Pharmacokinetics of Novel Dipeptide Ester Prodrugs of Acyclovir after Oral Administration: Intestinal Absorption and Liver Metabolism

Division of Pharmaceutical Sciences, School of Pharmacy, University of Missouri-Kansas City, Kansas City, Missouri

The amino acid prodrug of acyclovir (ACV), valacyclovir (VACV), is an effective antiherpetic drug. Systemic availability of ACV in humans is 3 to 5 times higher after oral administration of VACV. Enhanced bioavailability of VACV has been attributed to its carrier-mediated intestinal absorption via hPEPT1 peptide transporter followed by rapid and complete conversion to ACV. An earlier report suggested that the dipeptide ester prodrugs of ACV possess high affinity toward the intestinal oligopeptide transporter hPEPT1 and therefore seem to be promising candidates in the treatment of oral herpes virus infections. In the present study, we have examined the bioavailability of a series of dipeptide prodrugs of ACV after oral administration in Sprague-Dawley rats with cannulated jugular and portal veins. The area under plasma-concentration time curves expressed as minutes microgram milliliter^-1 for total concentration of VACV (208.4 ± 41.2), and the dipeptide prodrugs Gly-Val-ACV (GVACV) (416.1 ± 140.9), Val-Val-ACV (VVACV) (147.7 ± 89.3), and Val-Tyr-ACV (VYACV) (180.7 ± 81.2) were significantly higher than that of ACV (21.2 ± 5.2) upon intestinal absorption.
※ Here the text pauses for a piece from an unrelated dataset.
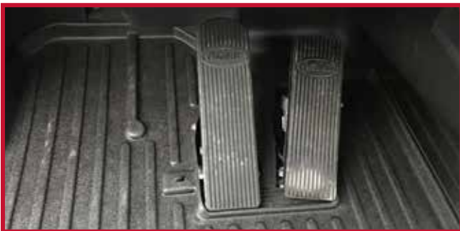
Figure 14 – Tapis côté conducteur installé avec le crochet

12. Tirer sur le tapis côté conducteur pour confirmer que le crochet est entièrement engagé dans le tapis. Si le crochet ne fonctionne pas correctement ou si le tapis ne peut pas être installé de manière sûre, ne pas utiliser de tapis protecteur Minimizer du côté conducteur du véhicule.

Interestingly, the bioavailability of ACV after administration of GVACV was approximately 2-fold higher than VACV. There was significant metabolism by hepatic first pass effect of the dipeptide prodrugs as evident by the higher levels of ACV obtained after systemic absorption compared with intestinal absorption of GVACV and VVACV. The dipeptide prodrugs of ACV exhibited higher systemic availability of regenerated ACV upon oral administration and thus seem to be promising drug candidates in treatment of genital herpes infections.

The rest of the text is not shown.